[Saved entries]
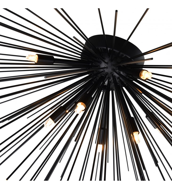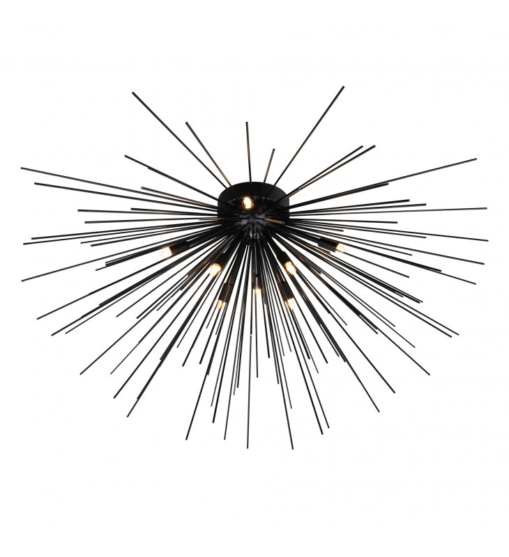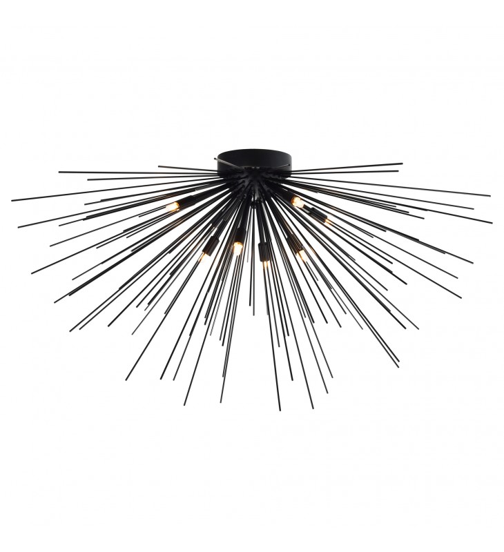 Like a ray of sunshine, the Savannah 8 Light Flush Mount Light in black Finish will lend your home a golden glow. This breathtaking luminaire designed with a starburst or Sputnik style gleams ultramodern elegance in every direction. Eight unshaded lights provide ample illumination and ensure your space gets its much-needed dose of pizzazz.
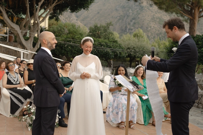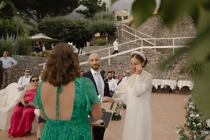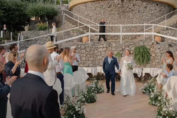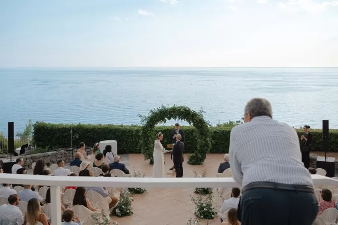 Il matrimonio è stato un susseguirsi di emozioni, dalla prima occhiata allo scambio delle promesse sotto il cielo azzurro della costa.
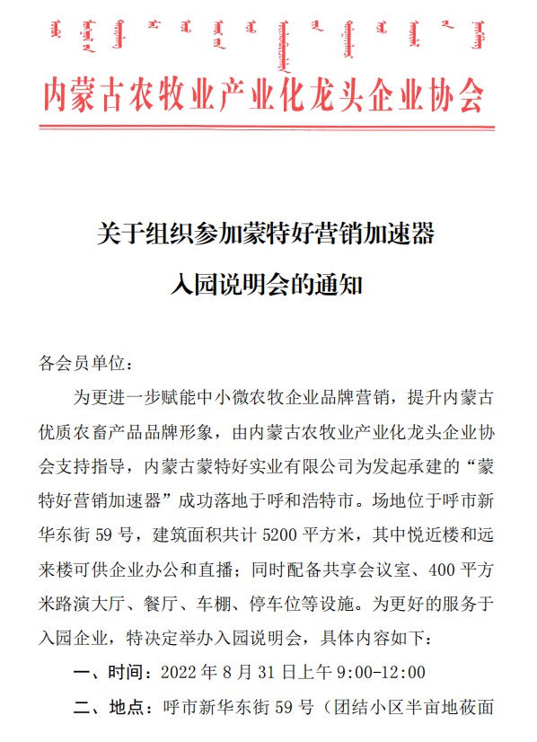 關于組織參加蒙特好營銷加速器入園說明會的通知
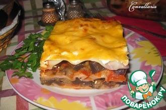 Посыпаем оставшимся сыром (0.5 стак. моцарелла) и отправляем в заранее разогретую духовку 175 град. на 35-40 минут.
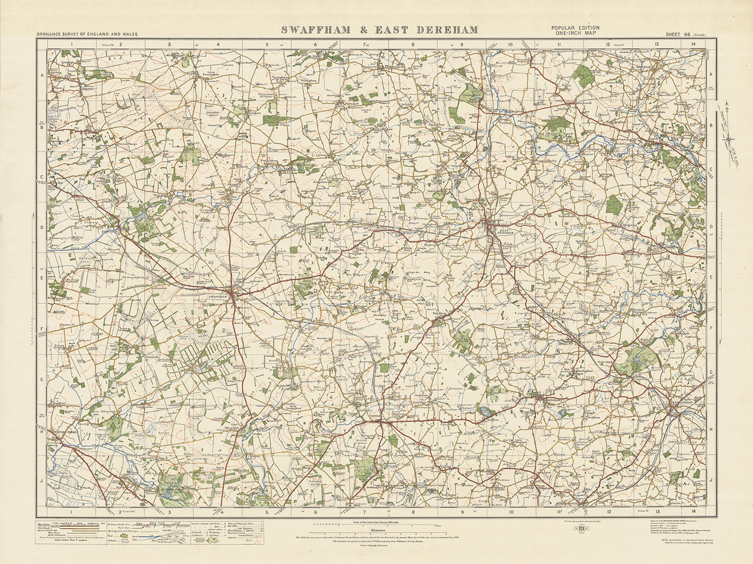 Mapa de Old Ordnance Survey, hoja 66: Swaffam y East Dereham, 1925: Watton, Wymondham, Attleborough, Reepham, Oxburgh Estate
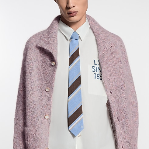 Dibuat di Italia, Cricket tie yang bergaya maskulin ini hadir dalam material sutra murni bernuansa biru dan cokelat. Motif garis jacquard berwarna putih dan emas yang rapi memperlihatkan seni jahit dan teknik pembuatan terbaik khas India yang selalu terlihat di setiap pertandingan olahraga populer.
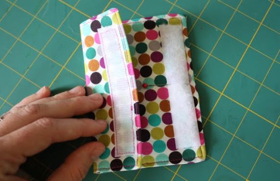Em seguida, pegue a tira mais larga de tecido, aplique a entretela fina, dobre ao meio, passe costura ao redor, mas deixando uma abertura para virar, desvire a peça, pesponte ao redor e pregue pedaços de velcro para formar um cilindro.
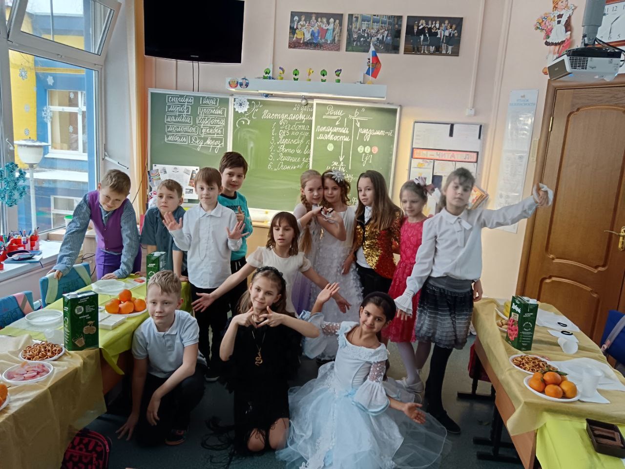 Ребята нашего класс приняли участие в Новогоднем спектакле.Очень готовились и переживали.т. к.выступали в 3 спектаклях: для 1-2 классов, для 3-4, для Филиппков и детского сада.Главные герои-Володя, Эвелина, Вероника, Аня,Мариам. А какой таней часов танцевал весь класс!

Prompt: No pictures should appear in the copy, which holds exactly the lines from the first line of the data through the line with "關于組織參加蒙特好營銷加速器入園說明會的通知" and nothing else.

Task solution:
 Like a ray of sunshine, the Savannah 8 Light Flush Mount Light in black Finish will lend your home a golden glow. This breathtaking luminaire designed with a starburst or Sputnik style gleams ultramodern elegance in every direction. Eight unshaded lights provide ample illumination and ensure your space gets its much-needed dose of pizzazz.
 Il matrimonio è stato un susseguirsi di emozioni, dalla prima occhiata allo scambio delle promesse sotto il cielo azzurro della costa.
 關于組織參加蒙特好營銷加速器入園說明會的通知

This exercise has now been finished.